Re: Problems running a HOD test cluster

Posted by Luca <ra...@yahoo.it>.

Allen Wittenauer wrote:

>> [2008-02-21 19:46:11,014] ERROR/40 torque:96 - qstat error: exit code:
>> 153 | signal: False | core False
>> [2008-02-21 19:46:11,017] INFO/20 hadoop:451 - Ringmaster at : None.
> 
>     I bet your ringmaster didn't come up.  Check which nodes were allocated
> to your job via qstat -f.  Chances are good the first one is the ringmaster
> node.  Check the torque logs, syslogs, and the hod log dir for hints as to
> what happened.

So it was a ringmaster related problem, and it's now solved. Now another 
problem: I try to run an hadoop job but I get a timeout error from 
hadoop in trying to get the input path. I guess this might be related to 
the fact that I'm using an external HDFS already running, and I'm not 
sure how to hook hod with it.

I configured

[gridservice-hdfs]
external                        = True
host                            = mane-of-my-server.com
pkgs                            = /mnt/scratch/grid/hadoop/current
fs_port                         = 10010
info_port                       = 10007

but I'm not sure whether the actual fs_port is on 10010. Does anybody 
know what's the attribute in hadoop configuratioon where this value is 
specified? If not specified, there is a default/random value? Finally, 
is this a global attribute, or a node attribute? (like node A having 
some fs_port and node B having a different one).

Thanks in advance,
Luca

Re: Problems running a HOD test cluster

Posted by Allen Wittenauer <aw...@yahoo-inc.com>.
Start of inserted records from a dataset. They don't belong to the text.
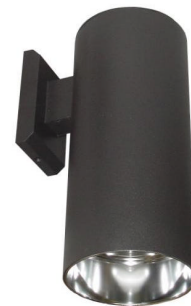
Cast aluminum wall mount. Change S in catalog number to W.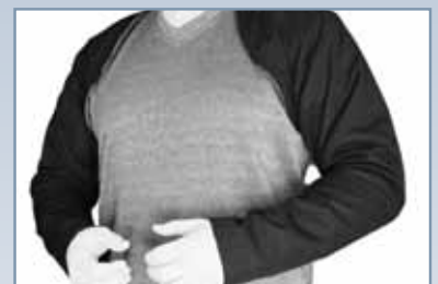
Bite Resistant Sleeves Full Arm Guards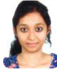
16951A1242 - IT SRI SINDHU MANDURI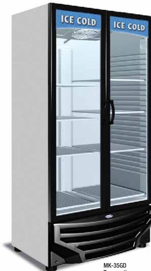
MK-35GD Two-section Glass Door Cooler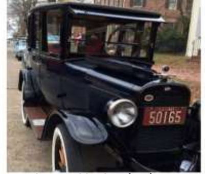
Green 1924 Overland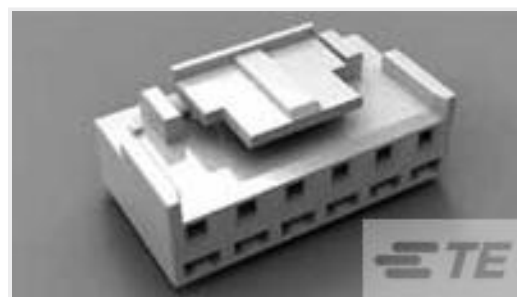
TE Part #1-1123722-3 3.96 EP PLUG HSG 3P(NATURAL)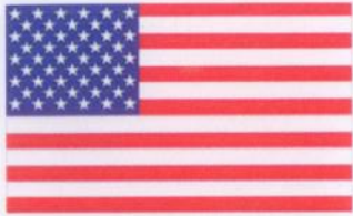
The National Institute of Standards and Technology of the United States of America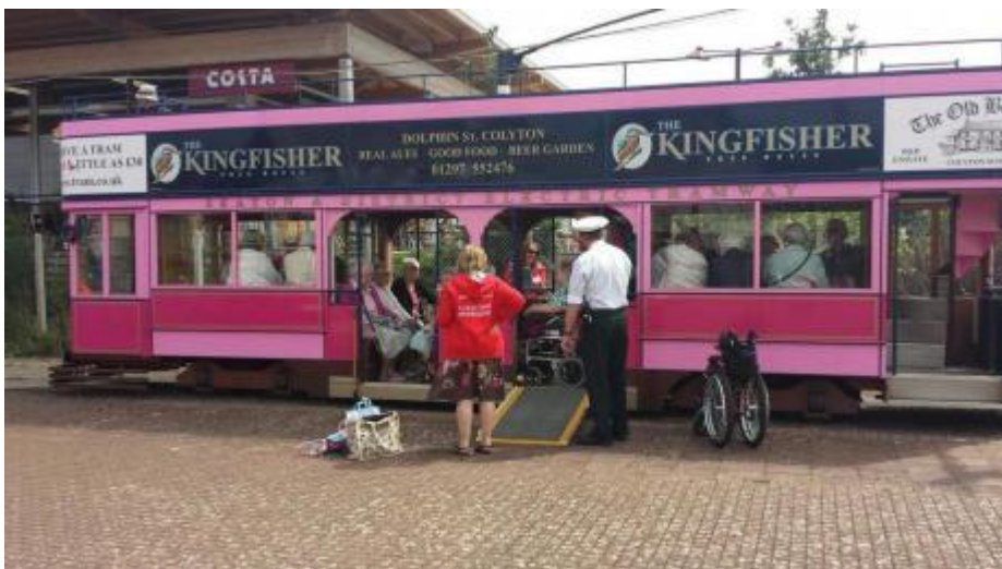
Tram 11 (pictured) Tram 9 & Tram 10. All have disabled accessible bays which are accessed by portable ramps. The wheelchair bays

Tram 9, 10 & 11, All have disabled accessible bays which are accessed by portable ramps. The wheelchair bays on Trams 10 and 11 are open-sided, therefore are open to the elements. The wheelchair bay on Tram 9 is enclosed.

On 2/22/08 3:58 PM, "Jason Venner" <ja...@attributor.com> wrote:

> We have been unable to get torque up and running. The magic value in the
> server_name file seems to elude us.

The server_name should be the real hostname of the machine running
pbs_server.

> We have tried localhost, 127.0.0.1, machine name, machine ip, fq machine
> name. Depending on what we use, we either get
> Unauthorized request or invalid entry

    If you do qmgr -c 'list server', does submit_hosts have the hostname of
the machine you are submitting from listed?

> qmgr obj= svr=default: Bad ACL entry in host list MSG=First bad host:
> hdimg01

    Hmm. That error message doesn't ring any bells for me.

> qmgr obj= svr=default: Unauthorized Request

    Unauthorized request, IIRC, is either host or user is not allowed to do
whatever it is they are trying to do.

> /var/torque/server_name
> torque-pam-2.1.6-1.fc5

    We compile our own.  Currently on 2.1.8 w/3 custom patches related to
issues with node selection mainly.  I think our 3 patches have been sent to
cluster resources and are part of 2.2.0 or whatever the latest build is.

> Will someone with torque knowledge take pity on us and advise?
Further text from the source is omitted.